+++ The records

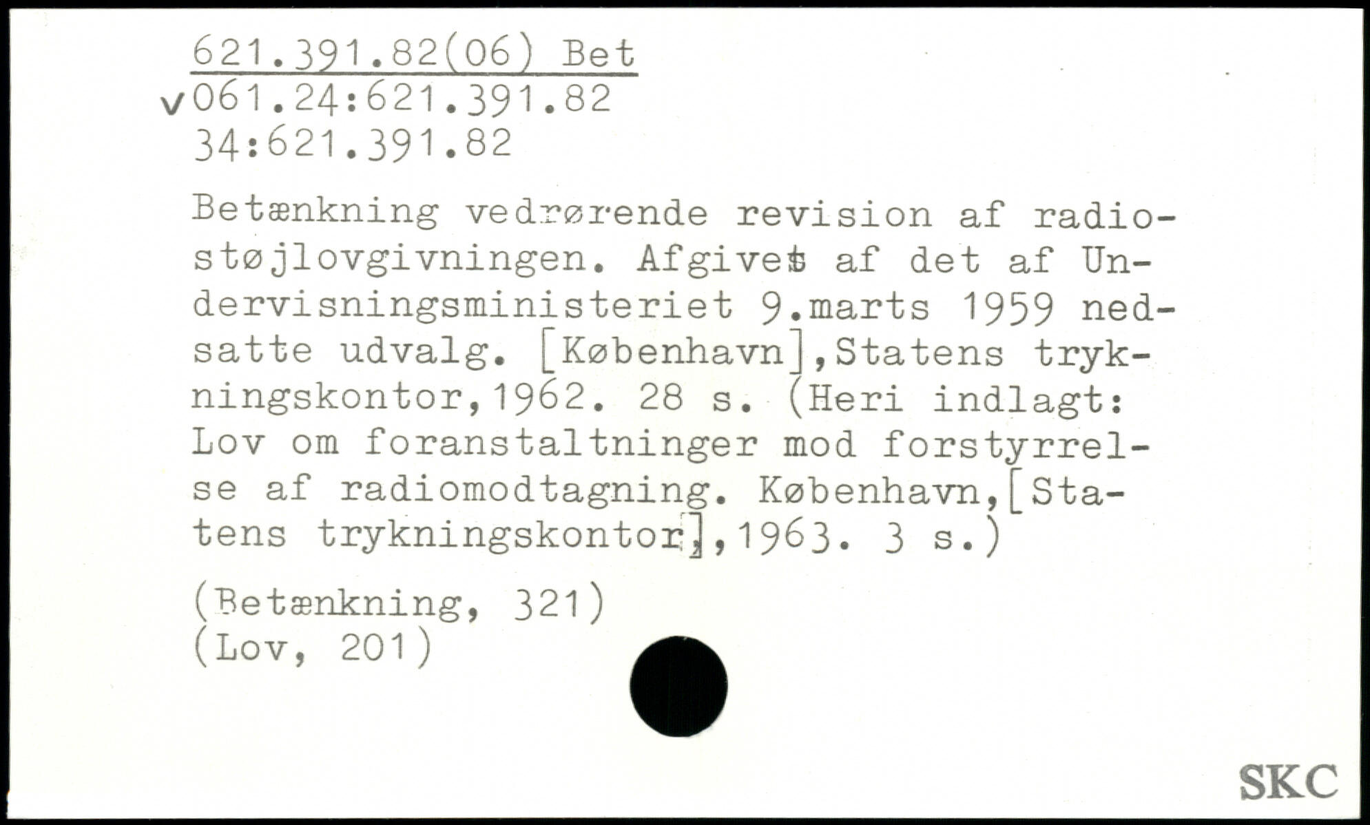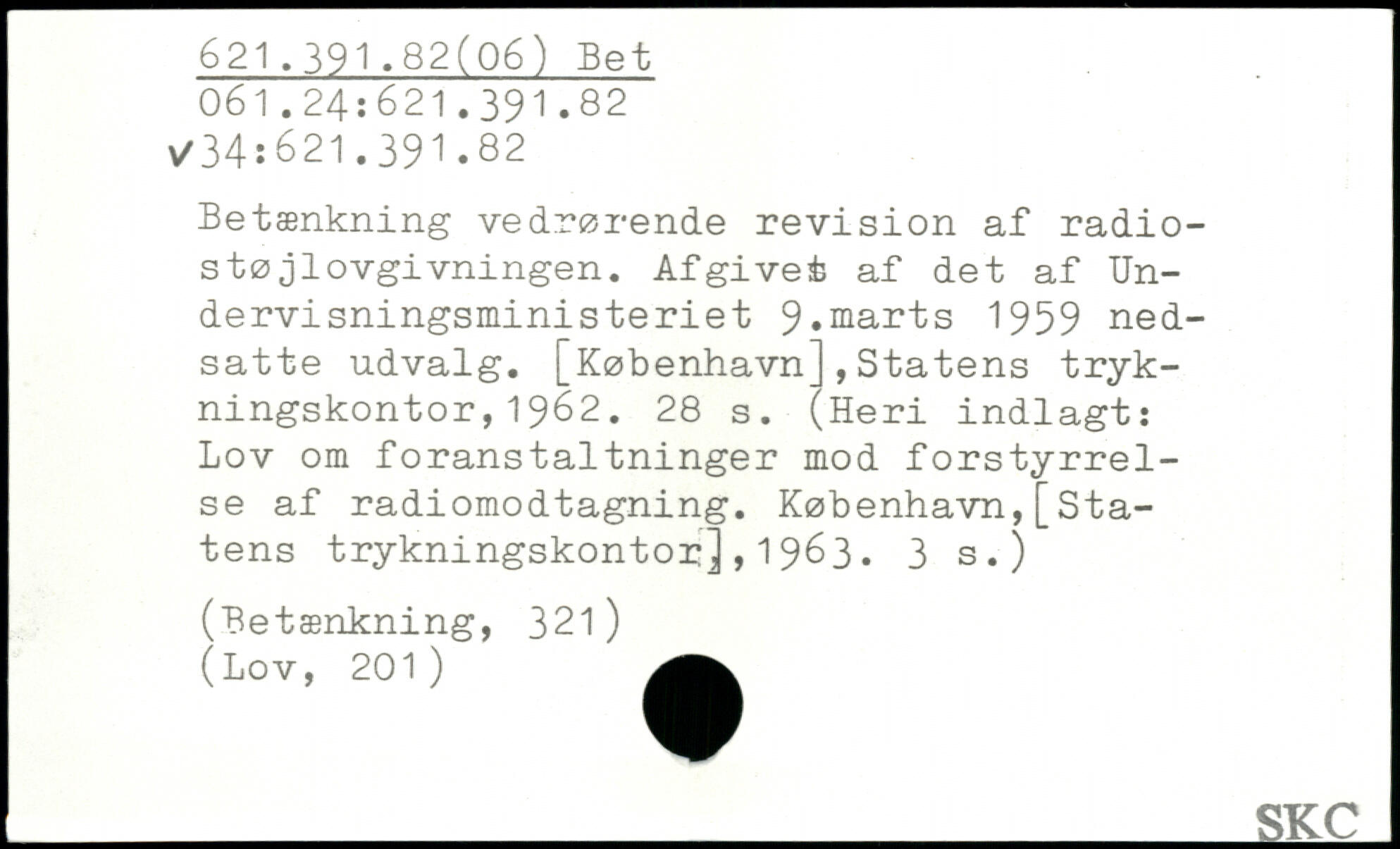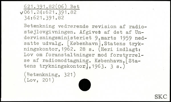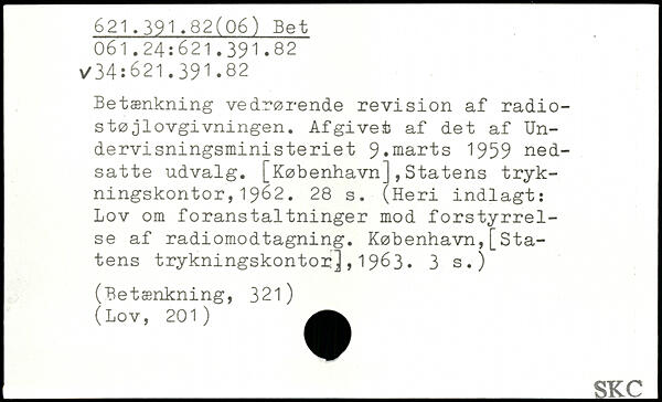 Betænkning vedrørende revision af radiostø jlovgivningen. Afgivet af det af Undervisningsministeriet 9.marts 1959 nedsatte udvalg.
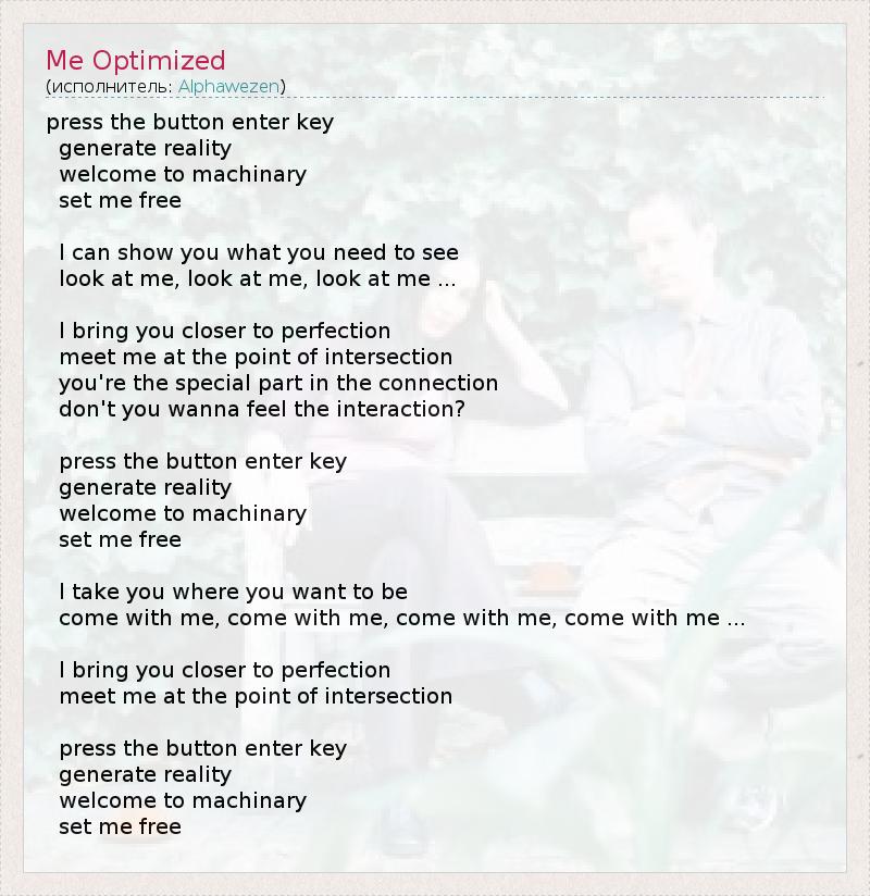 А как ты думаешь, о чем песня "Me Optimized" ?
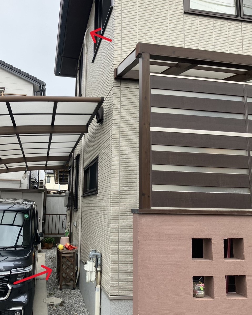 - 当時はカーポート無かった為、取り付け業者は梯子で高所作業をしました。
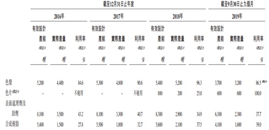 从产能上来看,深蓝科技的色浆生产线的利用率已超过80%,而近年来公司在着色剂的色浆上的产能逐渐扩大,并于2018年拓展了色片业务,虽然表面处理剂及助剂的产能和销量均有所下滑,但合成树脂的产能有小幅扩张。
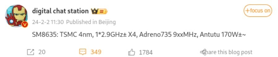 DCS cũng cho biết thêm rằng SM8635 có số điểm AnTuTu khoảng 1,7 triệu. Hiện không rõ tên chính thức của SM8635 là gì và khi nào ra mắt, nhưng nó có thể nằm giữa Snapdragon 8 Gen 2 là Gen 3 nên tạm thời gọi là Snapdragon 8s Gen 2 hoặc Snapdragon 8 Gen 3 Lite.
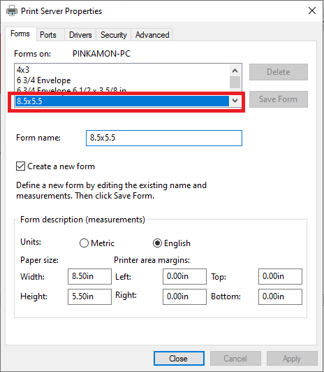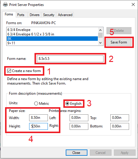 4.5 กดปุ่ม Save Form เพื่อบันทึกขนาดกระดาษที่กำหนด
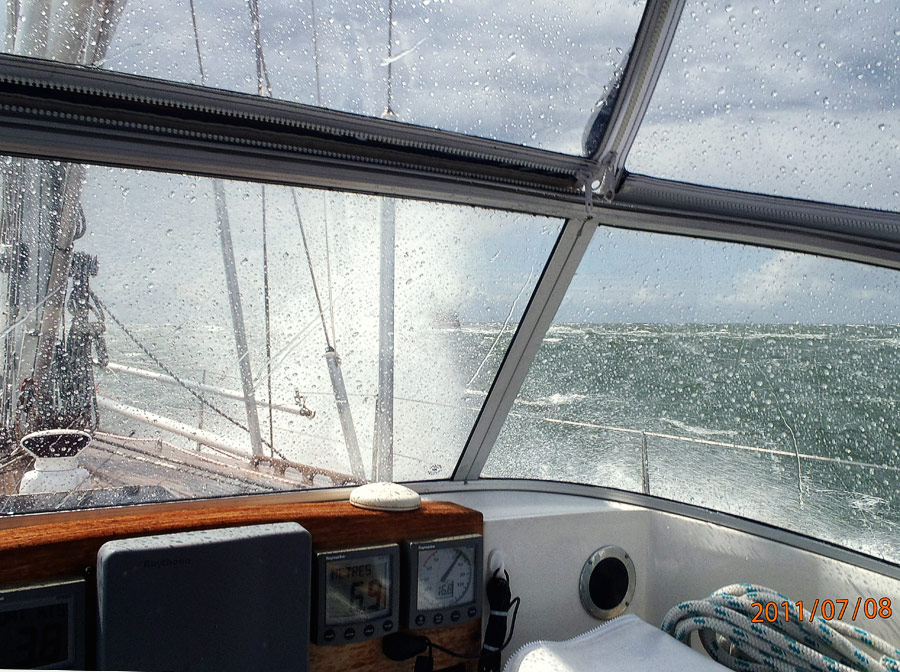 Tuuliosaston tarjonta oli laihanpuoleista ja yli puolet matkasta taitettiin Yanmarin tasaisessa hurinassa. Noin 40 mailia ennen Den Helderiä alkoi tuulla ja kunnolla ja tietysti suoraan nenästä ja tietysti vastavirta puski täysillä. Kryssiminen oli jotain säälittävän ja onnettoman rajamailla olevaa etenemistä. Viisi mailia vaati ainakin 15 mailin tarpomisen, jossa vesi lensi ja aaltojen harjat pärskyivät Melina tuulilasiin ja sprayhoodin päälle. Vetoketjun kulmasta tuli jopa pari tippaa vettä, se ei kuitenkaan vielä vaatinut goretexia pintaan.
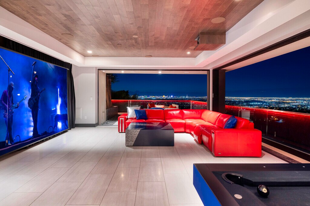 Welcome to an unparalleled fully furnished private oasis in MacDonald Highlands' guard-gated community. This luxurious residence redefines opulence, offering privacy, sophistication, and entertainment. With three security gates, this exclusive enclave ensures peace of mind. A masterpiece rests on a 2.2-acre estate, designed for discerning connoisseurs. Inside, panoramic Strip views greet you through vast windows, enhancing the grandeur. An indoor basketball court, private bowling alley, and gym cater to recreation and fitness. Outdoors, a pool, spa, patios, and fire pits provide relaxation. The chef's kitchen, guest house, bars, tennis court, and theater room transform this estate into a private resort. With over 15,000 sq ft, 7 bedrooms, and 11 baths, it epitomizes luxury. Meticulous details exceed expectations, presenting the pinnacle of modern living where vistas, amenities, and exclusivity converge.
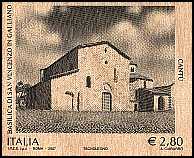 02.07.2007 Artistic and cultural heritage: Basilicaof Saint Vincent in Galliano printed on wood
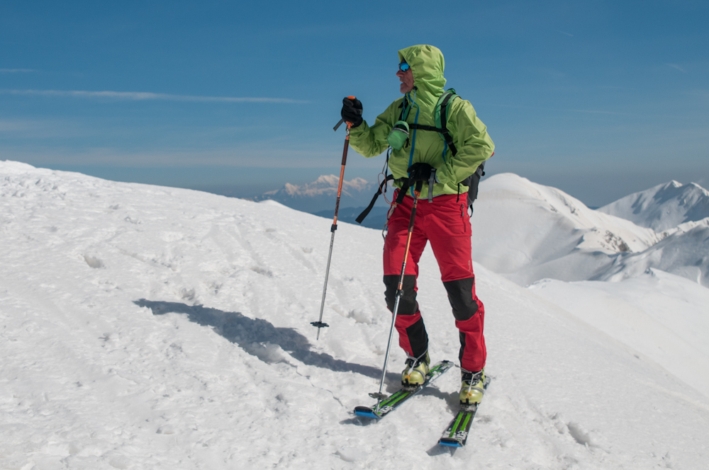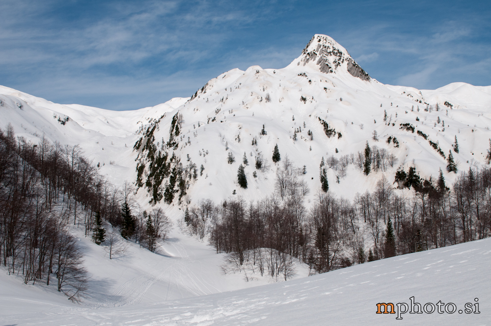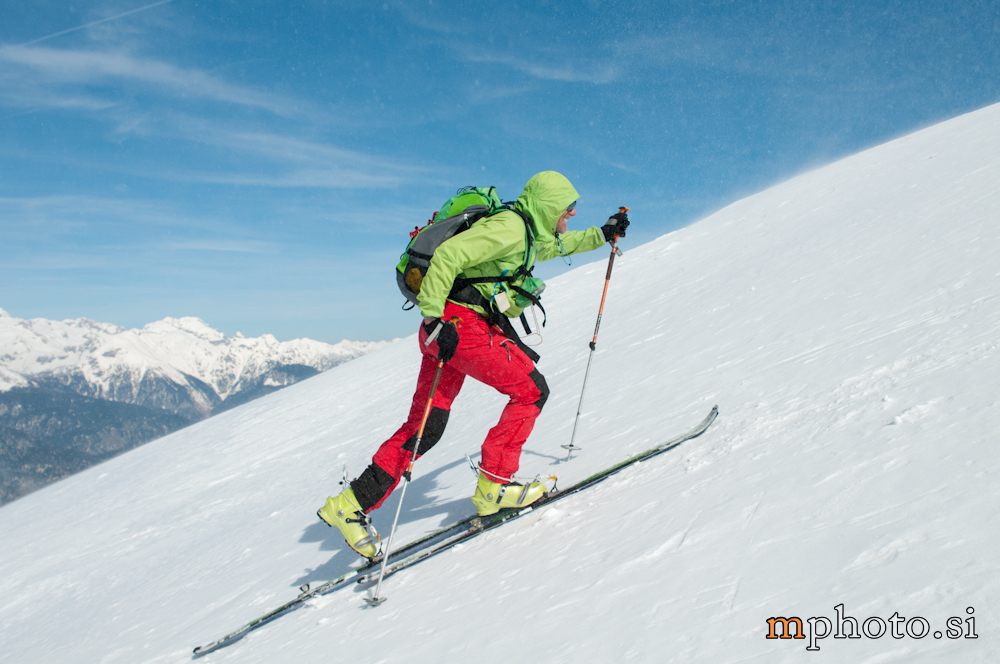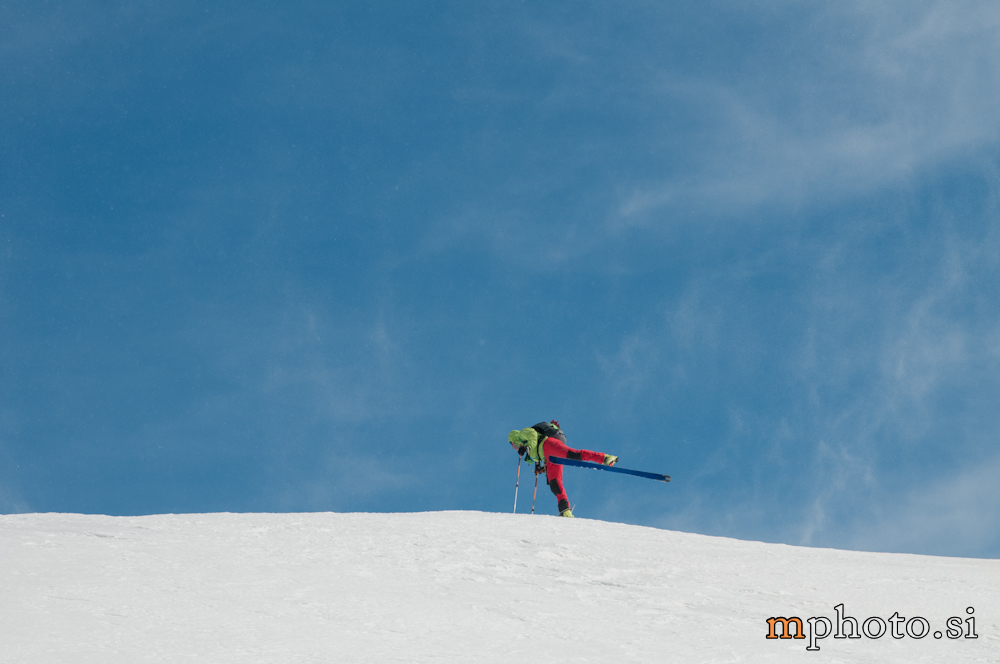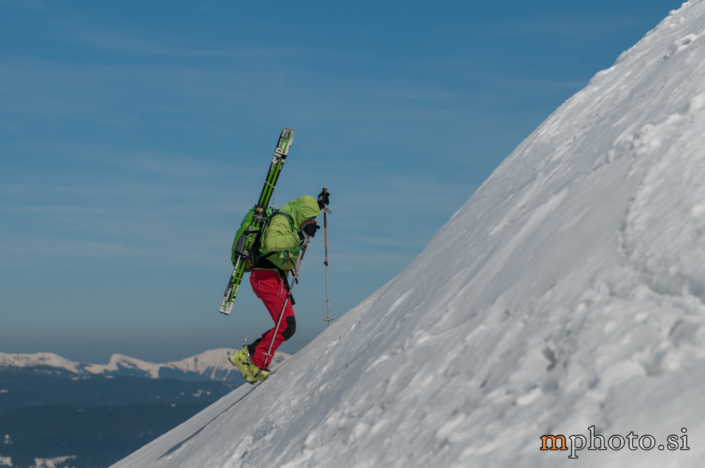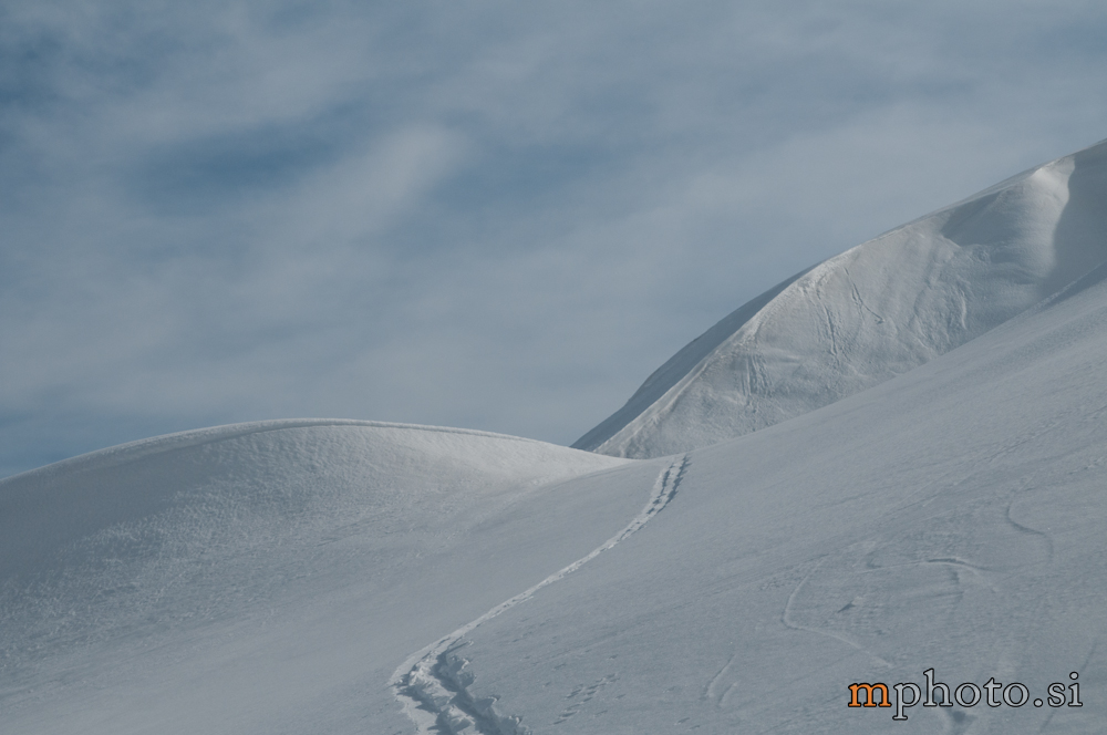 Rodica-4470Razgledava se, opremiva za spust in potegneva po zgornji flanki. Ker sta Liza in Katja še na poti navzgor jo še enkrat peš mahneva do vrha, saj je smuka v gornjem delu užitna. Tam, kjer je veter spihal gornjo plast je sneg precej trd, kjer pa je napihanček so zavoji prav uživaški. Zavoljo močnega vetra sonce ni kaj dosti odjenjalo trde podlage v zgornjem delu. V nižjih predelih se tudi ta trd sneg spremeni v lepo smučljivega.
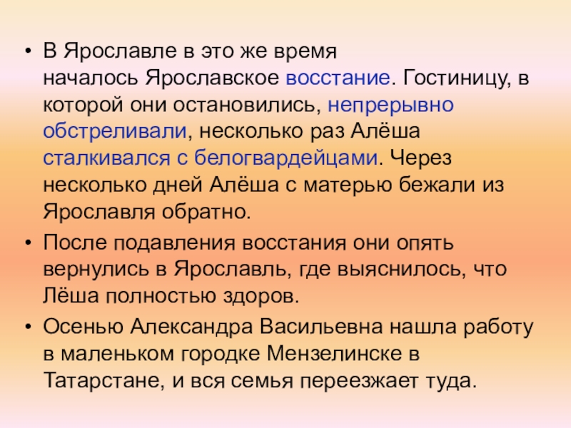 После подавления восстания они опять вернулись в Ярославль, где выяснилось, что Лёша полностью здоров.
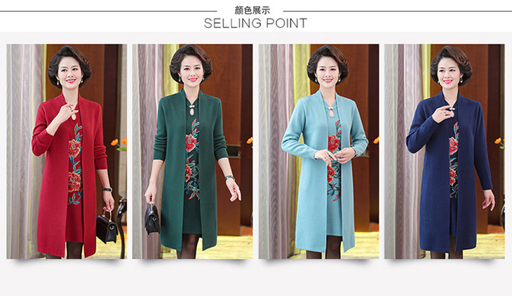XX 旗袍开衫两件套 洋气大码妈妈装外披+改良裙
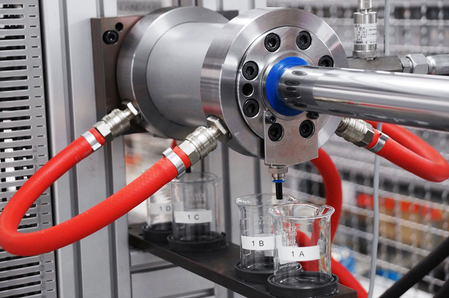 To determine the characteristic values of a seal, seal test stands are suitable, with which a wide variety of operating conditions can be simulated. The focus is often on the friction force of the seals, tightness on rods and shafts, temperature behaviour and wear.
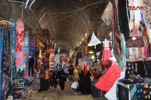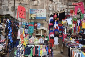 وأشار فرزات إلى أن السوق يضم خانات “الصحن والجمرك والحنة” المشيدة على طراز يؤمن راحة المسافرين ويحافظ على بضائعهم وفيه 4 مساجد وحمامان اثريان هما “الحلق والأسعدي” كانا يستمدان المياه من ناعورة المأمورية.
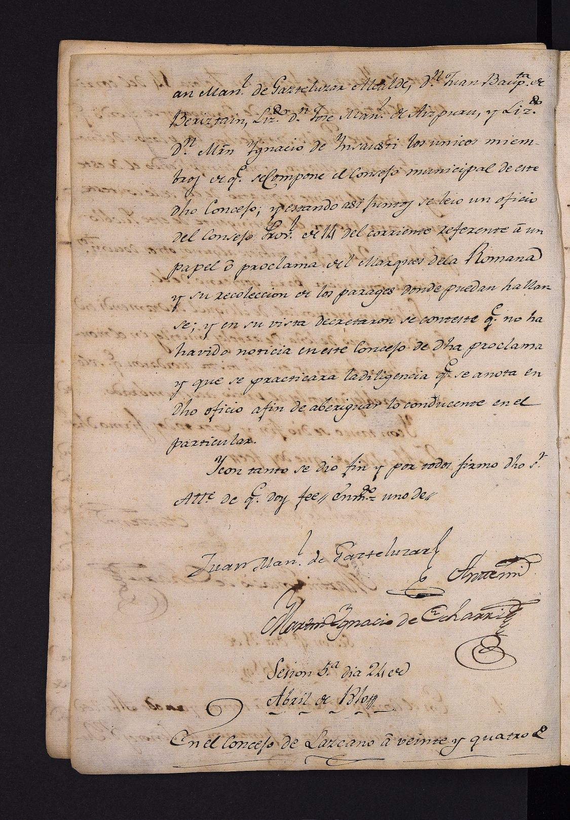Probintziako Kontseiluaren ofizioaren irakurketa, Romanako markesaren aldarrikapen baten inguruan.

++++++

Task statement:
Copy back exactly the lines above from the one containing "XX 旗袍开衫两件套 洋气大码妈妈装外披+改良裙" through the one containing "To determine the", and leave every picture behind.

Reply:
XX 旗袍开衫两件套 洋气大码妈妈装外披+改良裙
 To determine the characteristic values of a seal, seal test stands are suitable, with which a wide variety of operating conditions can be simulated. The focus is often on the friction force of the seals, tightness on rods and shafts, temperature behaviour and wear.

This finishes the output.